Raw data:
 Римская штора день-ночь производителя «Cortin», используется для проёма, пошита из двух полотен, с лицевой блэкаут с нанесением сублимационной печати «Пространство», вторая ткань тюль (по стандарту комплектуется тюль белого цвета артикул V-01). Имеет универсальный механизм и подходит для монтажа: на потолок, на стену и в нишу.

==

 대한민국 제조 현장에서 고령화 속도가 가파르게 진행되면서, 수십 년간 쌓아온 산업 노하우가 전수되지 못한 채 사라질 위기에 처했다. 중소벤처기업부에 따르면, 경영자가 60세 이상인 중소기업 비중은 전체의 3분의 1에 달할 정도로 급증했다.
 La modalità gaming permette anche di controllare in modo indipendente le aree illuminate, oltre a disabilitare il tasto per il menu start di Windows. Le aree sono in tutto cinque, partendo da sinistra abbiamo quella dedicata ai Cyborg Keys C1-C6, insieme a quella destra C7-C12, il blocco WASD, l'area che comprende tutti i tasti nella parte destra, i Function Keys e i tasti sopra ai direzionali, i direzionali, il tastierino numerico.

Directions: Would you copy out exactly the lines above that start at the one containing "대한민국 제조 현장에서" and end at the one containing "La modalità gaming", inclusive?

Problem solution:
 대한민국 제조 현장에서 고령화 속도가 가파르게 진행되면서, 수십 년간 쌓아온 산업 노하우가 전수되지 못한 채 사라질 위기에 처했다. 중소벤처기업부에 따르면, 경영자가 60세 이상인 중소기업 비중은 전체의 3분의 1에 달할 정도로 급증했다.
 La modalità gaming permette anche di controllare in modo indipendente le aree illuminate, oltre a disabilitare il tasto per il menu start di Windows. Le aree sono in tutto cinque, partendo da sinistra abbiamo quella dedicata ai Cyborg Keys C1-C6, insieme a quella destra C7-C12, il blocco WASD, l'area che comprende tutti i tasti nella parte destra, i Function Keys e i tasti sopra ai direzionali, i direzionali, il tastierino numerico.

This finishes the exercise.